Computer Vision is a field of computer science that enables computers to analyse image, video or in simple words, the visual data, as humans do interpret after seeing something.

It can therefore process the perceived data to perform specified actions. In this technique, Computers basically made to understand the visual data at pixel level. With use of special visual Softwares the machine-received visual data is interpreted via algorithms. Thus, the retrieved information is further processed.

Following are some examples that computer vision can easily do:

  • Classifying an object. The computer scans the image or video and can classify the identified object.
  • Identification. Identify the object in the visual media.
  • Tracking an object. The system first matches the criteria to check if the object is present in the media or not. Then its movement in the frame area is tracked.

How does computer vision work?

Computer vision is implemented mimicking the function of a human brain. And how does our brain deal with this problem of visual recognition? There are many hypothesises. One suggests that our brain recognize each separate patterns to identify different objects. Computer vision systems are also centred on this.

Algorithms with pattern recognition capabilities are heavily used in Computer Vision systems. Computers are trained on large amount of visual data. Thus, processing more images and labelling them with objects and many more steps amid these finally lead to find patterns in the next possible input. e.g., if we train a computer with millions of images of apple.

At the end we would have created a model that will recognize “Apple”. Now Computer will be able to identify each time if we are giving it a picture of an apple or it isn’t an apple. And the results will be more accurate based on the training images.

Computer Vision Evolution:

We want to emphasize on the fact that computer vision isn’t a new technology. The first experiment on this concept was started back in 1950s. That time it was used to operate to understand written and printed words. At that time, the concept of using computer vision and implementation is rather simple but used to take a lot effort and time.

As human operators have to provide the sample training data manually for analysis. And manually entering such a large amount of data is obviously pretty hard and time consuming. Addition to this, back then the available computational power is not that high so the error margin for this process / analysis was very high.

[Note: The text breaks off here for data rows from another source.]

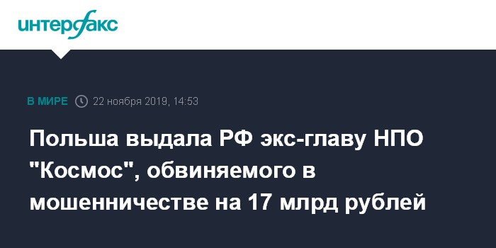 Польша выдала РФ экс-главу НПО "Космос", обвиняемого в мошенничестве на 17 млрд рублей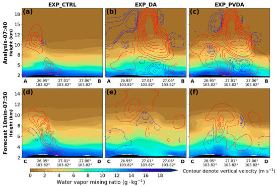 Vertical cross-sections (along line AB and CD in Figure 7) of water vaper mixing ratio (colored shade, g kg−1) and vertical velocity (red and blue contours for updraft and downdraft respectively, m s−1) for EXP_CTRL (a,d), EXP_DA (b,e), and EXP_PVDA (c,f) at 07:40 UTC to 07:50 UTC on 17 August 2023.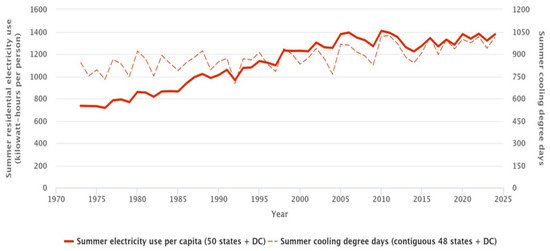 Residential Summer Electricity Use Per Capita and Summer Cooling Degree Days in the United States, 1973–2024 [16].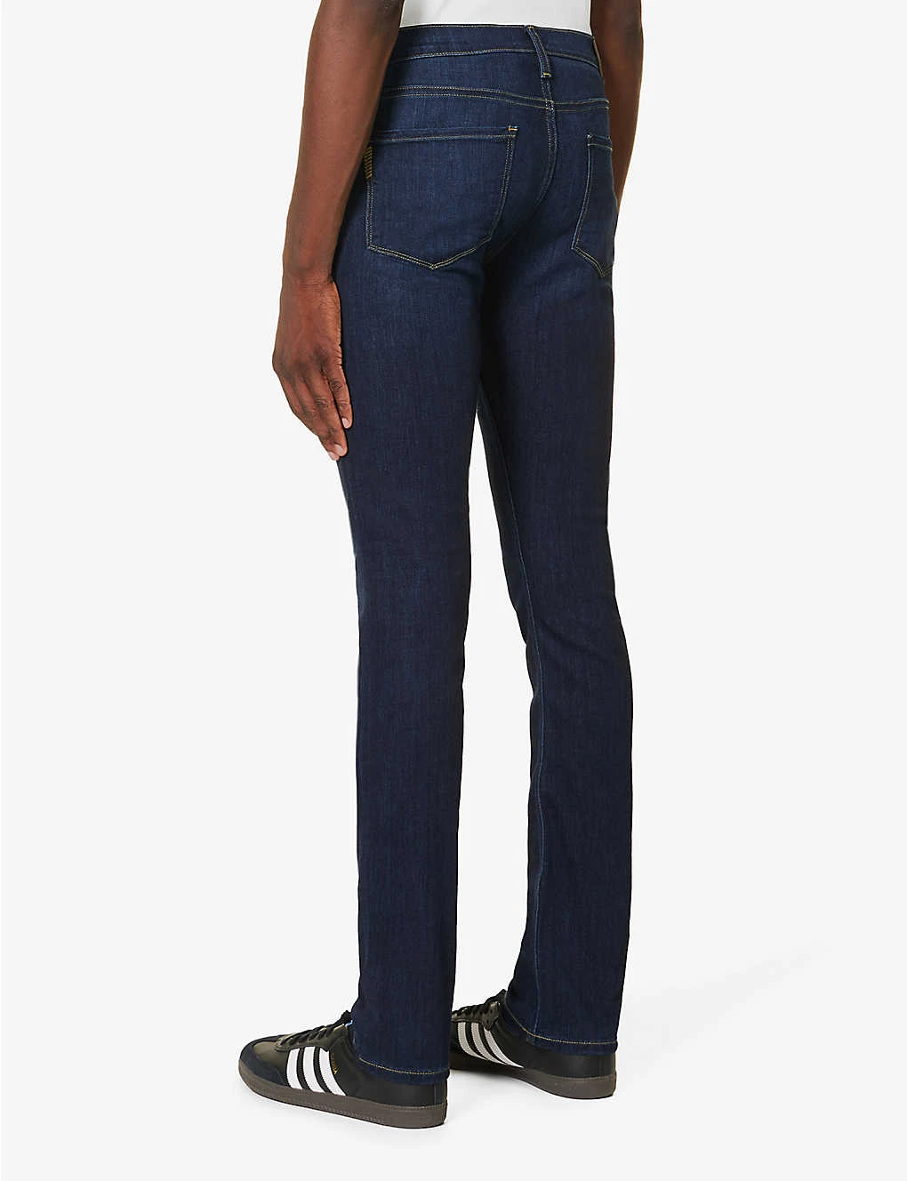 - Slim fit, mid-rise, straight leg, belt loops, five pockets, contrast stitching, brand patch at back, branded hardware, partially lined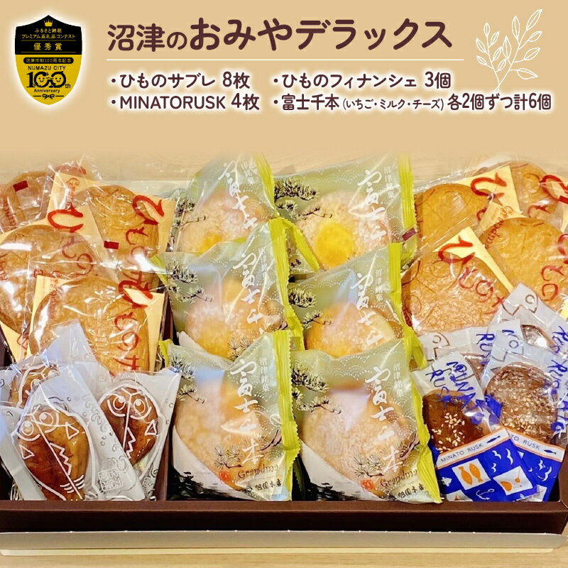 返礼品説明 名称 【ふるさと納税】沼津おみやデラックス 内容量 ・ブッセ【富士千本】(いちご・ミルク・チーズ)各2袋 計6個 ・ひものサブレ 8枚 ・MINATO RASUKU 4枚 ・ひものフィナンシェ 3個 最終加工地 沼津市...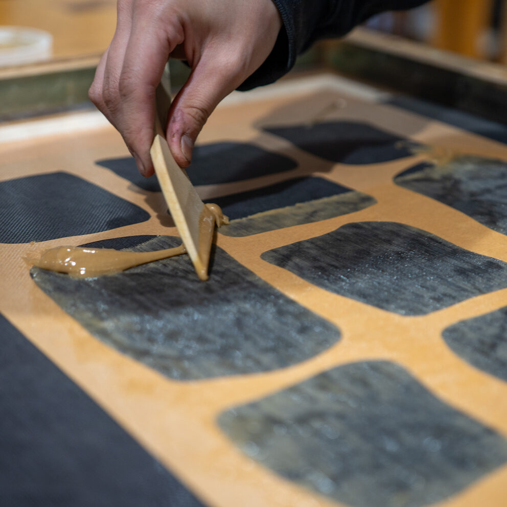 製造工程で廃棄されてしまう茶葉を染料に使用し、伝統工芸の駿河和染めの技術で染めていきます。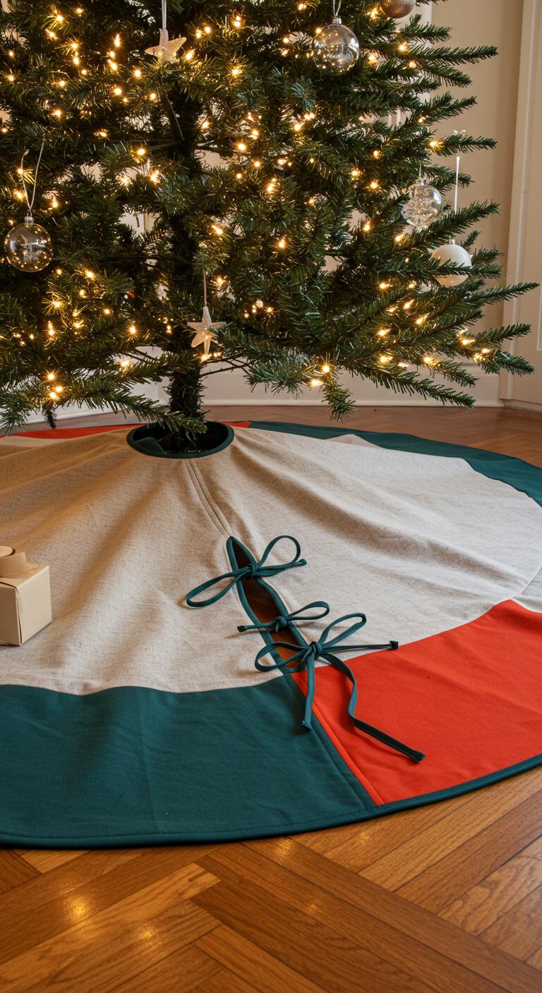 A colorblock Christmas tree skirt gives your tree an instant modern update, and you can stitch one quickly by pairing bold blocks of muted neutrals with a single pop accent.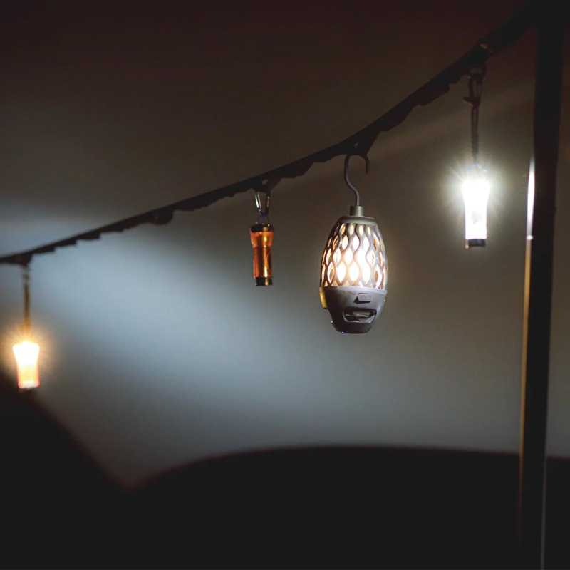 低く設置した場合は LED ライトだけでなく、シェラカップなどの小物を吊るすのに便利です。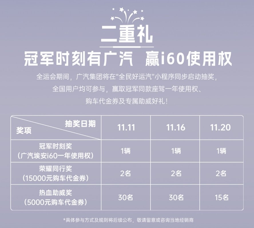 第十五届全运会期间,作为官方合作伙伴的广汽集团,在“全民好运汽”小程序同步推出抽奖活动,全国用户皆可参与!有机会赢取“冠军同款座驾埃安i60一年使用权”、“荣耀同行奖(15000元购车代金券)”以及“热血助威奖(5000元购车代金券)”等多重好礼!全民齐参与,好运“汽”到身边来!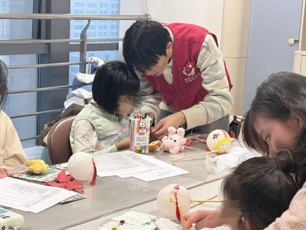 新春守护,童安相伴。1月30日,志愿队联合博爱之家走进南京市儿童医院河西院区,打造“本草纳福,灯影话养生”新春专场活动。针对患病儿童的身心特点,设计沉浸式互动环节:“五感润心剪灯礼” 让孩子们亲手制作本草灯笼,寄托健康期盼;“中药声音故事剧场”以听声辨药、绘画创作的创新形式,让抽象的中药知识变得生动有趣;“情绪暖心打卡墙”成为孩子们抒发心愿的温暖角落,养生知识抢答、暖心小礼品更是为孩子们驱散就医的紧张情绪,在欢乐互动中感受传统文化魅力与社会关怀。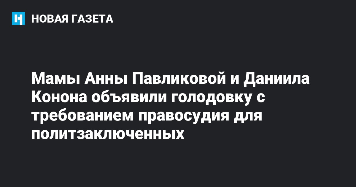 Мать обвиняемой по делу «Нового величия» Анны Павликовой Юлия Виноградова и Наталья Конон — мать проходившего по «московскому делу» Даниила Конона — объявили голодовку из-за несправедливых, на их взгляд, приговоров фигурантам политических дел, в том числе участникам летних московских протестов.
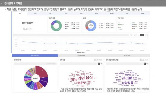 뉴엔AI의 '퀘타아이' 서비스에 '불닭볶음면'을 검색한 결과. 지난 1년 동안 불닭볶음면이 언급된 게시물 수를 채널별로 보여주고, 연관어와 평판 등을 분석해 소비자의 성향을 파악할 수 있다. |

Today the latest tech doesn’t limit us in the case of computational power. Cloud Computing with joining hands with strong and efficient algorithms power us to solve even more complex problems. Though this is not the only advantage we have nowadays.

Recently the huge databases generated by daily posting, blogging, messaging and many social media platforms has built up a huge database of texts and resources from which you can pull the data. This huge database also contains a lot images related to anything that you may want to use to train your Computer Vision Algorithm.

A point to note about this thing is, this database has been growing every passing hour. So, there will be nothing to worry about less training data.

Revolutionary Deep Learning:

Understanding computer vision includes understanding the way it works. So, the way it works basically depends on deep learning algorithms. This latest way is a revolution in technical era. Deep learning is a part of machine learning which analyses algorithms more efficiently to produce efficient solutions out of the entered data from any big database.

The question arises here that… what is machine learning? So, machine learning is also part of artificial intelligence. This artificial intelligence in its glory is basis of both machine learning and deep learning. Let’s get back to the topic where we are discussing about Deep Learning. Deep learning is a more efficient way for performing Computer Vision.

It has a method or a particular type of algorithm called Artificial Neural Network which will be useful for this case. This artificial neural network or ANN will understand the pattern in the image or video and then it will predict an answer whether it’s a cat or a dog or whatever you have trained and developed the algorithm to put as output.